Another type of data processing would average `N`

samples as above, but move forward between averages by `M`

samples rather than by 1 sample. The output data rate is `SR/M`

. This is the case of a system that acquires `N`

samples at `SR`

and averages them to produce a datapoint, then waits a relatively long time before acquiring another set of `N`

samples. This is readily applicable when the input signal is slowly varying and oversampling is used to improve bit code resolution. In the case of `M=N`

, the system acquires samples continuously at `SR`

and averages each batch of `N`

samples independently rather than with a moving window. We may simulate the transfer function with a few values of `M`

.

*Amplification and phase shift of the block average filter for N=8, M={8,32}.*

Effectively, a higher `M`

introduces aliasing into the output stream. The gain and phase do not "behave nicely" near multiples of `SR/(M*2)`

- note the factor of 2 due to the reduction on top of the Nyquist frequency. Keeping the signal bandwidth below `SR/(M*3)`

will ensure minimal change in averaged value (0.001 x) and phase compared to the static case. One concern here is that the gain is above 1 near multiples of `SR/(M*2)`

, which means noise frequencies may be amplified in the output, and due to the reduction of output rate by `1/M`

it is no longer possible to filter out this noise. This is because `SR`

is sufficient to capture the noise, and this is folded onto `SR/M`

output stream in a frequency that cannot be resolved as different. Therefore, when using `SR`

above the signal bandwidth (oversampling) while also not sampling continuously (undersampling), it would be prudent to include a hardware filter before the ADC which will eliminate frequencies above the signal bandwidth.

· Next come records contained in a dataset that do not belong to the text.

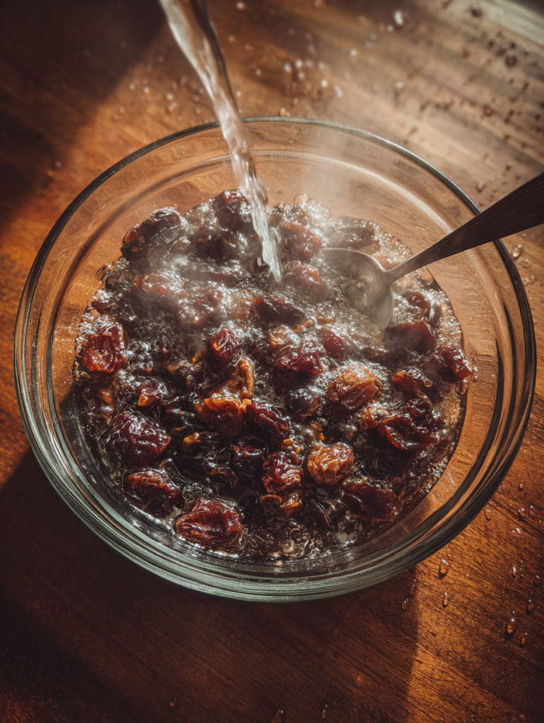 1. Place chopped dates in a bowl and pour boiling water over them. Stir in baking soda and let sit for 15 minutes to soften.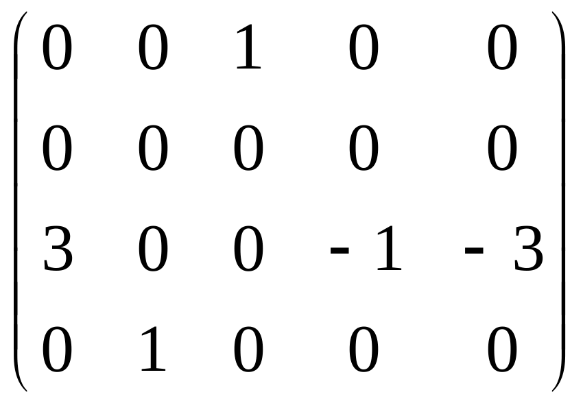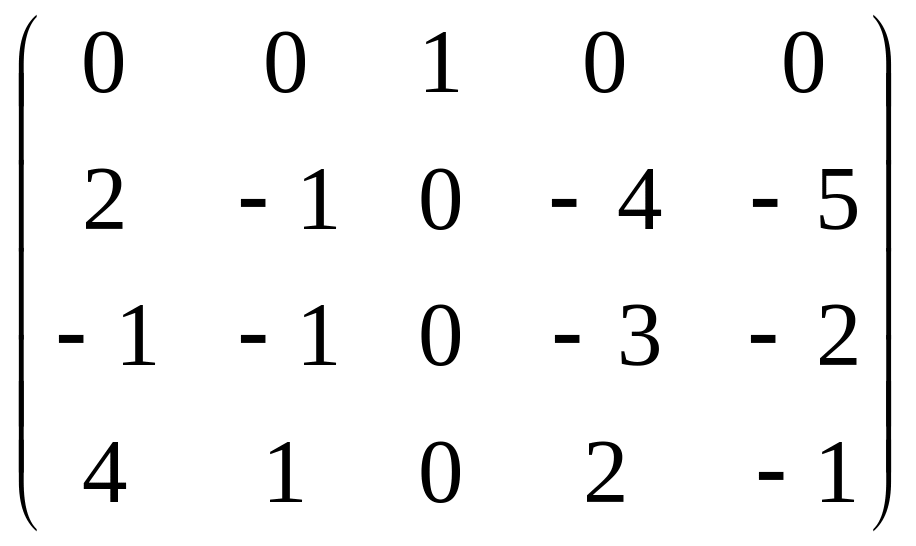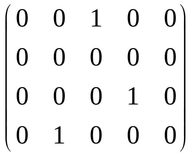 Тепер четвертий рядок останньої матриці додаємо до другого і третього, отримуючи при цьому ще два нулі в другому стовпчику, після чого робимо нулі в четвертому рядку всюди, крім одиниці на перетині четвертого рядка і другого стовпця. В результаті цих елементарних перетворень отримали: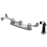 Upgrade your home kitchen faucet with the Kingston Brass Water Saving Magellan Centerset Kitchen Faucet with Side Sprayer. This kitchen faucet features solid brass construction for outstanding durability and reliability. The spout on the faucet reaches out over 7 inches with a spout height of 4.5 inches giving the user plenty of space between the spout and sink bottom. The faucet also features a low flow 1.5 gallons per minute to meet the EPA's WaterSense criteria. This kitchen faucet installs on a 8 inch centerset installation with standard US plumbing connections.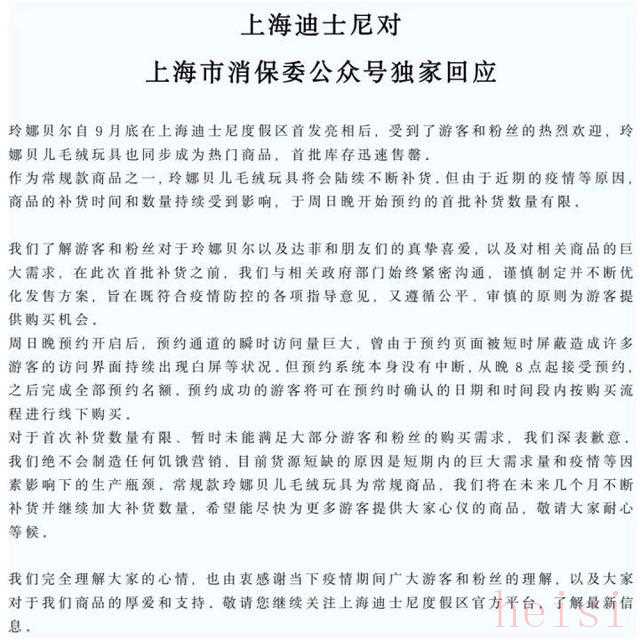 上海迪士尼在對(duì)上海市消保委的回應(yīng)中稱(chēng):對(duì)于未能滿足大部分游客和粉絲的購(gòu)買(mǎi)需求深表歉意,絕對(duì)不會(huì)制造任何饑餓營(yíng)銷(xiāo)。目前貨源短缺的原因是短期內(nèi)的巨大需求量和疫情等因素影響下的生產(chǎn)瓶頸。迪士尼將在未來(lái)幾個(gè)月不斷補(bǔ)貨并繼續(xù)加大補(bǔ)貨數(shù)量,盡快為更多游客提供大家心儀的商品。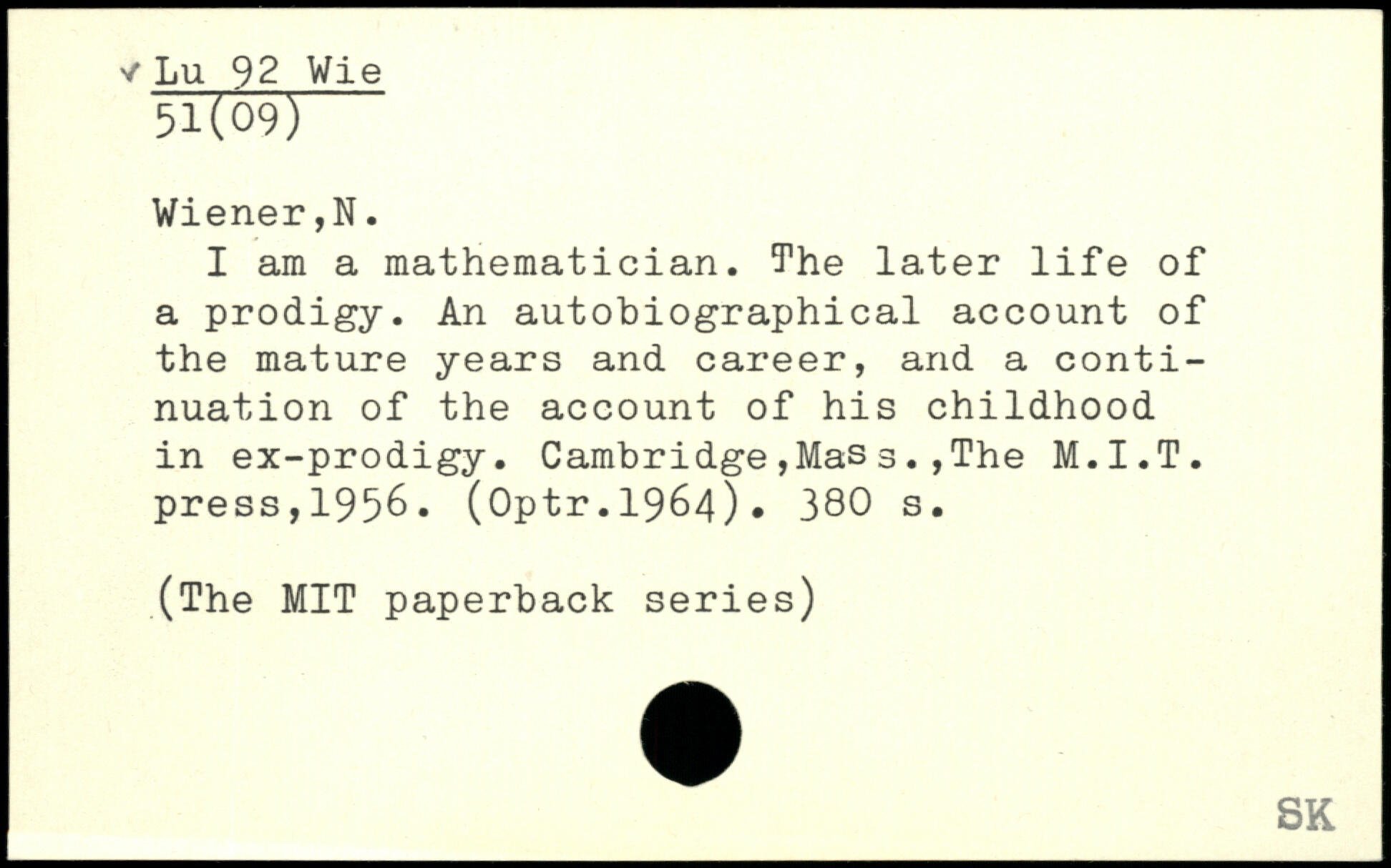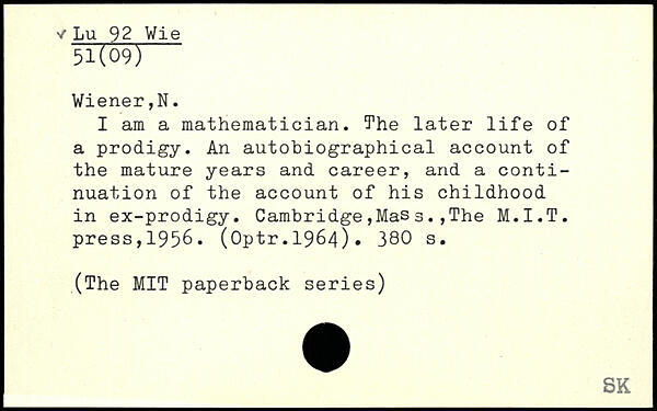 I am a mathematician. The later life of a prodigy. An autobiographical account of the mature years and career, and a continuation of the account of his childhood in ex-prodigy. Cambridge,Mas 3.,The M.I.T. press,1956. (Optr.1964).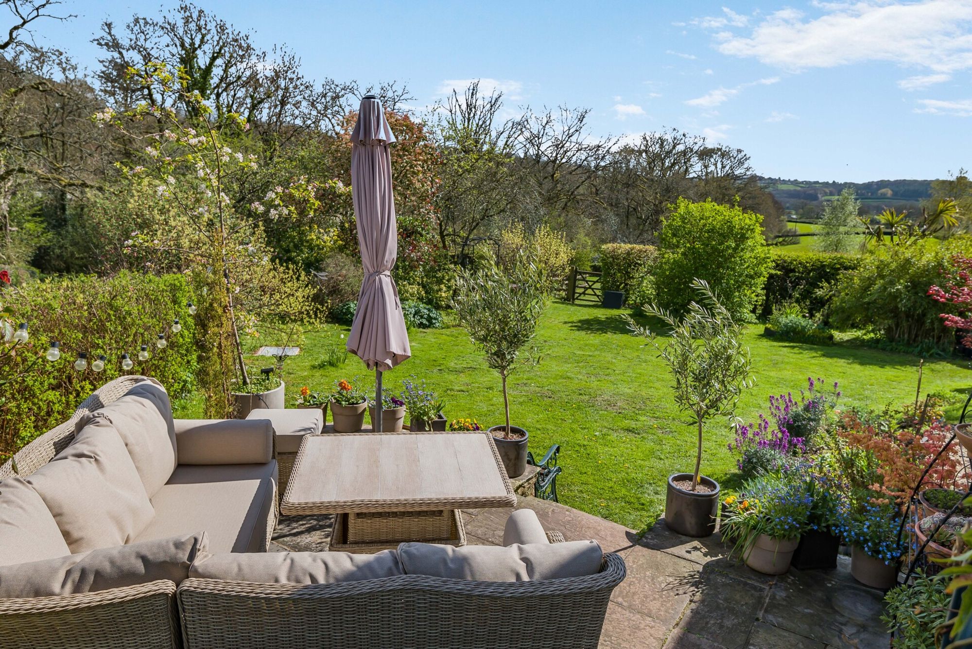 The peaceful gardens and uninterrupted rural views are a real feature of this property. So, too, are the equestrian facilities and excellent outriding.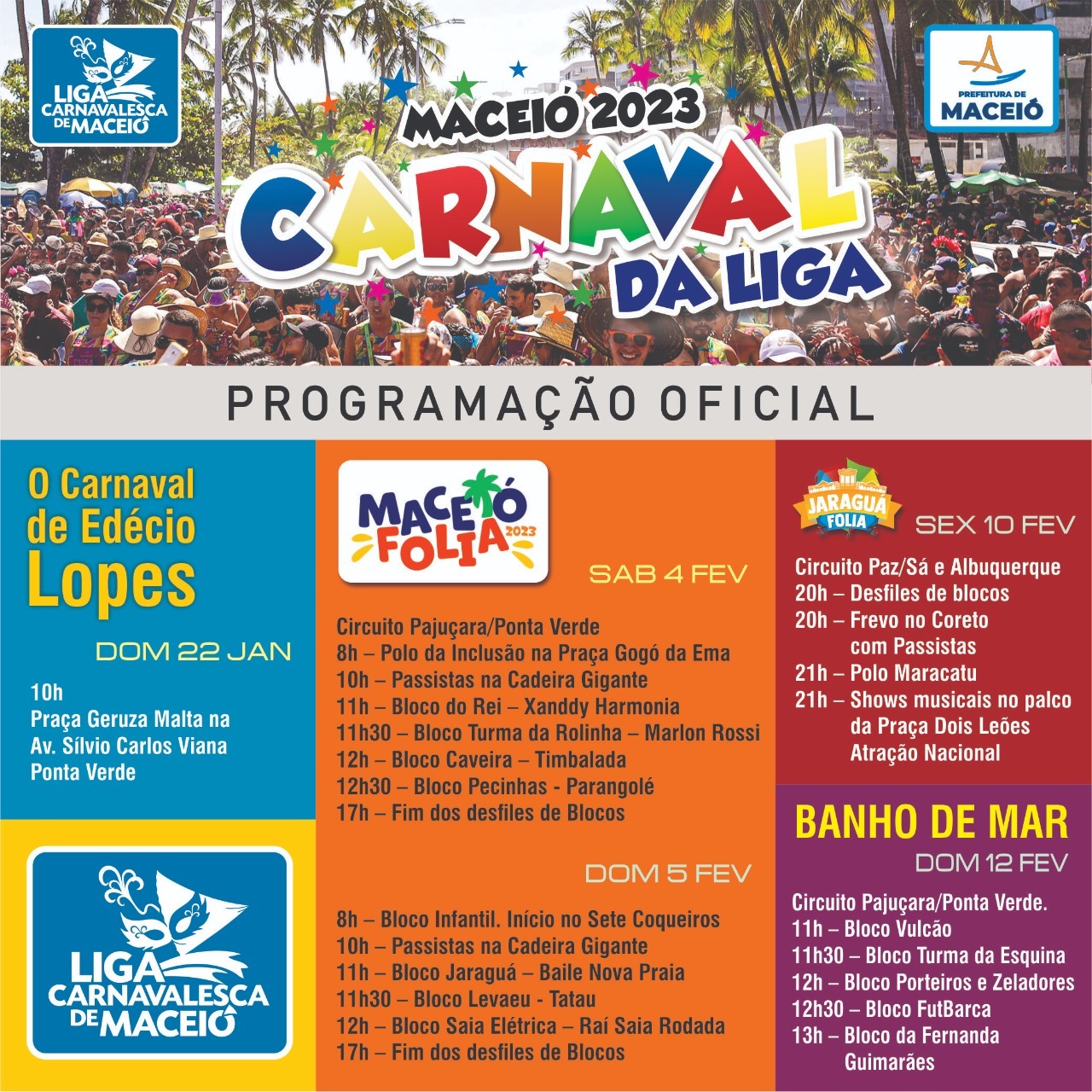 No domingo, 05, a alegria começa às 8h, nos Sete Coqueiros, com o Bloco Infantil, Passistas, Bloco Jaraguá, Bloco LevaEu, Saia Elétrica entre outros.

Note this effect may be reduced by acquiring data with a jitter in the start of averaging (varying `M`

over time) which would spread the amplified portions across the spectrum.

Based on the above, a set of guidelines may be stated for measuring a signal with ADC. For resolution of 1 part in 100, `Fd=SR/(M*2.2)`

and `Fc=SR/(N*12.2)`

. For resolution of 1 part in 1000, `Fd=SR/(M*3)`

and `Fc=SR/(N*32.1)`

. The highest frequency of interest in the signal should be below the lower of `{Fd,Fc}`

. A hardware low-pass filter should be included that passes frequencies up to the higher of `{Fd,Fc}`

. Using the histogram for a static ADC reading at a defined `SR`

, `N`

should be chosen to give a dynamic range matching the desired resolution with the expected signal amplitude.